In general, this is not obviously an improvement to proposing changes to all $\theta$ simultaneously.

But, something interesting happens if the fully conditional likelihood and prior are conjugate - then we know the conditional posterior exactly. If we use independent samples of the conditional posterior as proposals, then the Metropolis-Hastings acceptance ratio becomes

$\frac{p(y|\theta_{-i})Q(x|y,\theta_{-i})}{p(x|\theta_{-i})Q(y|x,\theta_{-i})} = \frac{p(y|\theta_{-i})p(x|\theta_{-i})}{p(x|\theta_{-i})p(y|\theta_{-i})} = 1$

and every proposal is automatically accepted!

Conjugate Gibbs Sampling:

while we want more samples
    draw th1 from p(th1|th2,th3,...,data)
    draw th2 from p(th2|th1,th3,...,data)
    ...

Example: normal PDF

25 Metropolis iterations (left) vs. 25 Gibbs transitions (right)

Color goes blue$\rightarrow$red with time (step number)

Gibbs Sampling Pros:

No cycles "wasted" on rejected proposals
No pesky tuning of the proposal scale

Gibbs Sampling Cons:

Only works for conjugate or partially conjugate models (hence must choose conjugate priors)
Occasionally still slower than proposing multi-parameter Metropolis updates (e.g. when degeneracies are strong)

There are some packages that can figure out what conjugate relationships exist based on a model definition, and do Gibbs sampling.

BUGS
JAGS

(See also our list of MCMC packages)

Example: normal likelihood

Suppose we have some data, $x_i$, that we're modelling as being generated by a common normal distribution.

$p(x_i|\mu,\sigma^2) = \frac{1}{\sqrt{2\pi\sigma^2}}\,\exp-\frac{(x_i-\mu)^2}{2\sigma^2}$

The model parameters are the mean, $\mu$, and variance, $\sigma^2$.

Consulting the Wikipedia, we see that we can Gibbs sample this posterior using two steps:

the conjugate distribution for $\mu|\sigma^2,x$ is normal
the conjugate distribution for $\sigma^2|\mu,x$ is scaled inverse $\chi^2$

Remember that using conjugacy limits our options for choosing priors!

Slice sampling

A less specialized modification of Metropolis-Hastings is slice sampling. This method also reduces the need to manually tune a proposal scale, although it usually involves a rejection step.

Given a starting point, $\theta_0$, we uniformly choose a probability $q\leq p(\theta_0)$. This defines a slice where $p(\theta)\geq q$, and we sample the next $\theta$ uniformly within the slice.

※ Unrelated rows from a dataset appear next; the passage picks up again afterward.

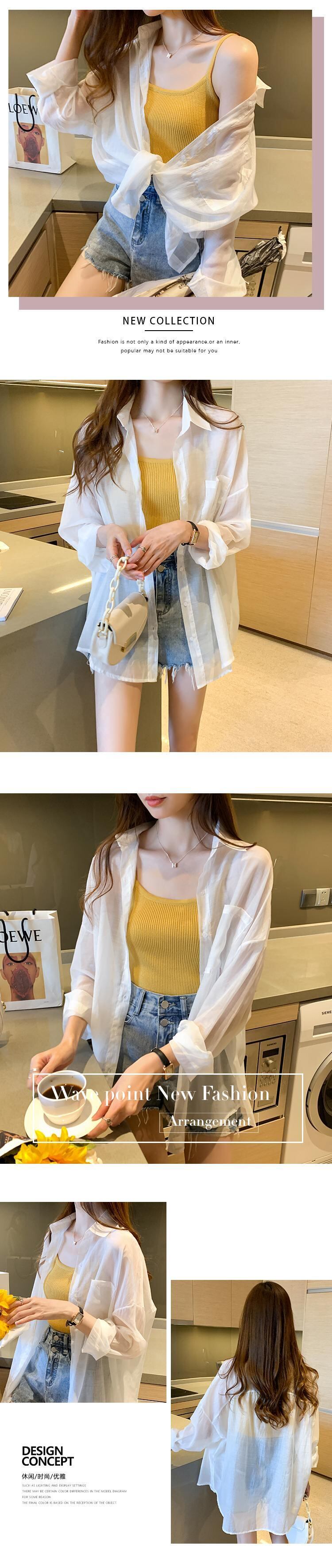 白い日焼け止めシャツ女性の夏の薄いカーディガン ジャケット シフォン トップ ショール サスペンダー スカートとブラウス ホワイト サマー 夏物 7460026989398994 | framboise21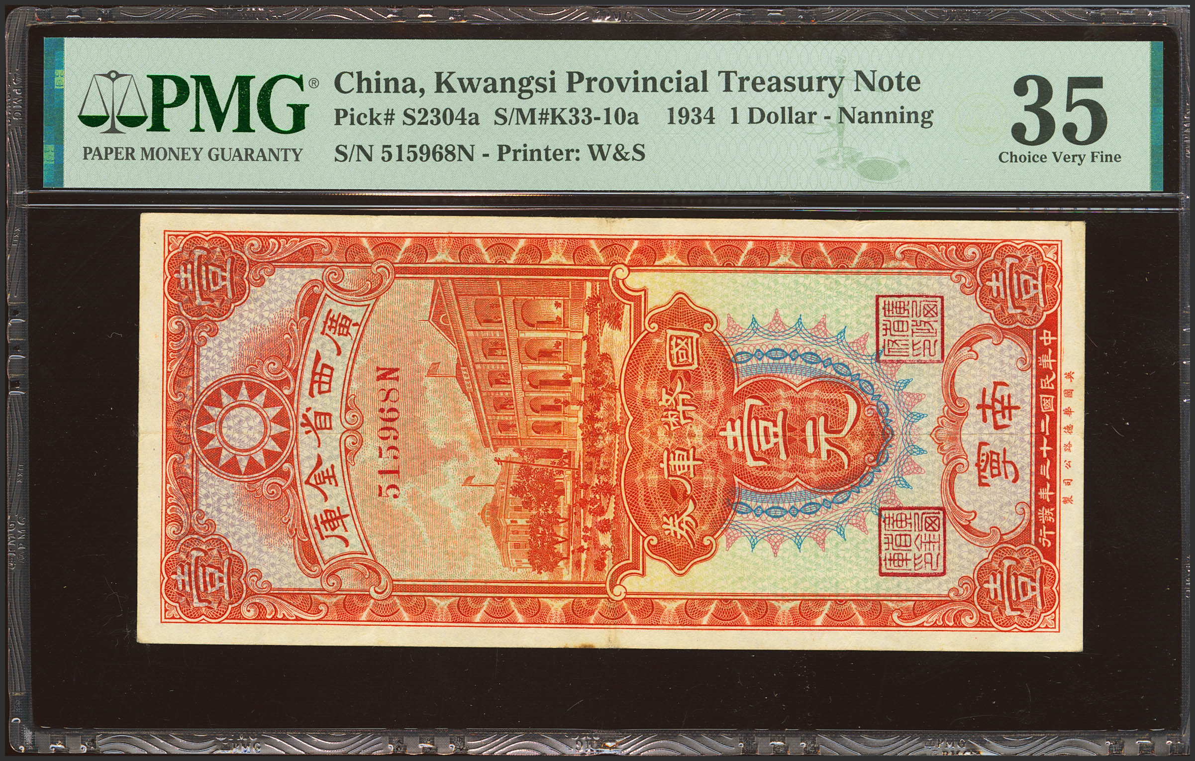 CHINA. 1 Yuan. 1934. Kwangsi Provincial Treasury. Nanning. (Pick: S2304a, SM: K33-10a). PMG35.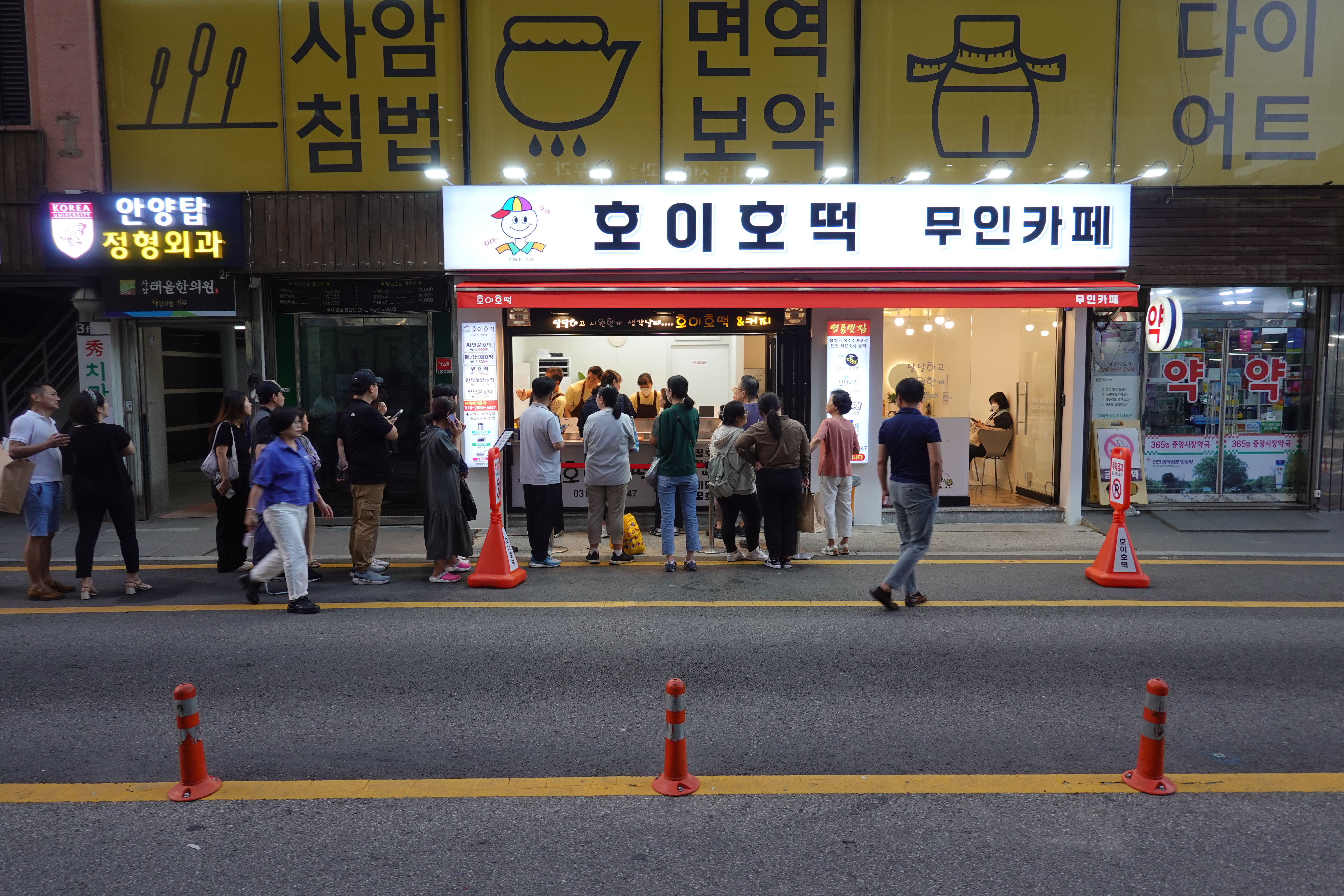 2023.09.28/ #도시기록 #호떡집 #중앙시장 #호이호떡/ 중앙시장 1문입구 노점으로 있던 호이호떡이 안양로 303번길 삼세약국앞에 점포를 임대해 이전했다. 노점상이 점포주가 됐다. 무인카페까지 운영영하는 호떡집앞에 긴줄이 서기는 예나 지금이나 마찬가지로 인기.

How to do this without actually mapping out the PDF?

Accelerating Metropolis

The simple Metropolis implementation introduced in our Tutorial lesson can be improved on in a number of ways. Recall:

choose a starting point and a proposal scale while we want more samples propose a new point from a scaled Gaussian centered on our current position accept/reject the new point

These strategies often boil down to cleverly, and automatically, tuning our proposal distribution.

Strictly speaking, tuning the proposal distribution on the fly breaks the rules of MCMC (specifically, detailed balance).

Technically, we should stop tuning after some time and throw away all steps before this point.
In practice, if we've actually managed to converge to the target distribution, subsequent updates to the proposal distribution will be negligible anyway.

Intelligent proposal lengths

A Gaussian proposal distribution makes the most likely proposals very near the current point. This is not necessarily efficient. We could instead

propose a step length from a heavier-tailed distribution
tune the scale of the proposed move based on the acceptances so far (our estimate of the width of the posterior)

A non-Gaussian proposal distribution to encourage larger steps:

Tuning the proposal basis

Parameter degeneracies are inconvenient.

Degeneracies can usually be reduced or eliminated by reparametrizing the model.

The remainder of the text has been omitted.